Перед отъездом в Швейцарию он отослал рекомендательные письма Андерсона к Стайн, Паунду и Бич; теперь были получены ответы и состоялись встречи. Эзра Паунд в 1908 году переехал из США в Англию, где некоторое время был секретарем Йетса; начал публиковать стихи и переводы, а в середине 1910-х, издав антологию поэзии и теории имажинизма, уже считался крупным поэтом и теоретиком поэзии. Как Андерсон в прозе, он ратовал за новый художественный язык — точный, без «красивостей» и, разумеется, без такой старомодной условности, как рифма:
Через плоский склон Сен-Алуа Широкая стена мешков песка. Ночь, В тишине дезорганизованные солдаты Колдуют у костров, опорожняя котелки: Раз-два, с фронта Люди возвращаются, будто это Пиккадилли, Прокладывая в темноте тропинки Через груды мертвых лошадей, По мертвому пузу бельгийца[9].
Хемингуэй тоже писал стихи, до 1925 года регулярно, хоть и нечасто, потом от случая к случаю, например, когда бывал влюблен, — но его поэзия и на родине не получила признания, а у нас вообще неизвестна. Литературоведы знают чуть более двадцати его стихотворений, большинство из которых были опубликованы в начале 1920-х в журналах «Литтл ревью», «Поэтри», «Квершнит» и в сборнике «Три рассказа и десять стихотворений». Значительным поэтом его никто не считает и сам он себя не считал, так что ограничимся одним примером:
Солдатам не светит хорошая смерть. Им светит крест возле поля боя. Крест из дерева вгонят в земную твердь У павшего воина над головою. Солдат кашляет в дыму и корчится, А вокруг грохот взрывов, огонь и вой. Солдат, пока атака не кончится. Задыхаясь, не верит, что он живой[10].

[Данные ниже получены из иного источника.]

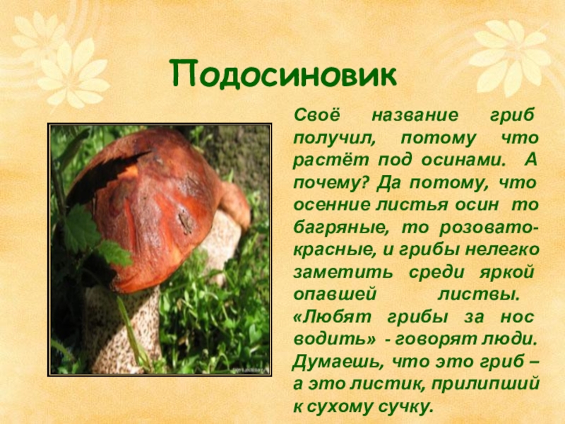 почему? Да потому, что осенние листья осин то багряные, то розовато-красные, и грибы нелегко заметить среди яркой опавшей листвы. «Любят грибы за нос водить» - говорят люди. Думаешь, что это гриб – а это листик, прилипший к сухому сучку.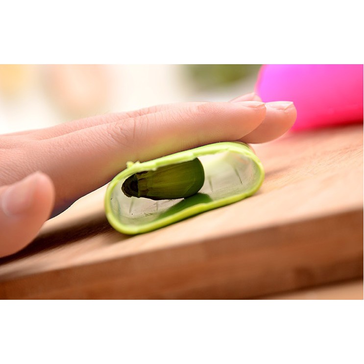 - Dụng Cụ Bóc Vỏ Tỏi Không Hôi Tay giúp bạn lột sạch vỏ dễ dàng.

(«Поля чести», Чикаго, 1920)
Паунд стихи Хемингуэя похвалил — они напоминали его собственные. Человеком Паунд был общительным и добродушным, любил покровительствовать. Хемингуэй вспоминал о нем: «Эзра был самый отзывчивый из писателей, каких я знал, и, пожалуй, самый бескорыстный. Он помогал поэтам, художникам, скульпторам и прозаикам, в которых верил, и готов был помочь всякому, кто попал в беду, независимо от того, верил он в него или нет… Эзра относился к людям с большей добротой и христианским милосердием, чем я. Его собственные произведения, если они ему удавались, были так хороши, а в своих заблуждениях он был так искренен, и так упоен своими ошибками, и так добр к людям, что я всегда считал его своего рода святым». Помогал Паунд и материально, и профессионально: Джойс говорил, что редактура Эзры превратила «Улисса» из «аморфной груды осколков» в роман.
Паунд тут же обещал пристроить стихи нового друга в журнал «Циферблат», а рассказы в «Литтл ревью», где сам печатался, а также был литературным редактором и искателем спонсоров, «взамен» потребовав обучать его боксу, что было начато немедленно, невзирая на двухкратное превосходство гостя в росте и весе. Уроки продолжались несколько недель. Во время одного из них Хемингуэй познакомился с Уиндемом Льюисом, ядовитым критиком, который впоследствии напишет на его работы злую рецензию и которого он назовет «человеком, гнуснее которого еще никогда не видел». Льюис в автобиографии описал 23-летнего Эрнеста: «Великолепно сложенный юноша, обнаженный до пояса, с ослепительно белоснежным торсом, стоял недалеко от меня. Он был высок, красив и невозмутимо отражал боксерскими перчатками нервные выпады Эзры. После удара в солнечное сплетение Паунд повалился на диван. Юноша был Хемингуэй. Паунд выглядел как дом, объятый пожаром, рядом с этой необыкновенной статуей». По «Празднику», никакого удара не было, напротив: «Я хотел закончить, но Льюис настоял, чтобы мы продолжали, и мне было ясно, что, совершенно не разбираясь в происходящем, он хочет подождать в надежде увидеть избиение Эзры. Но ничего не произошло. Я не нападал, а только заставлял Эзру двигаться за мной с вытянутой левой рукой и изредка наносить удары правой, а затем сказал, что мы кончили, облился водой из кувшина, растерся полотенцем и натянул свитер».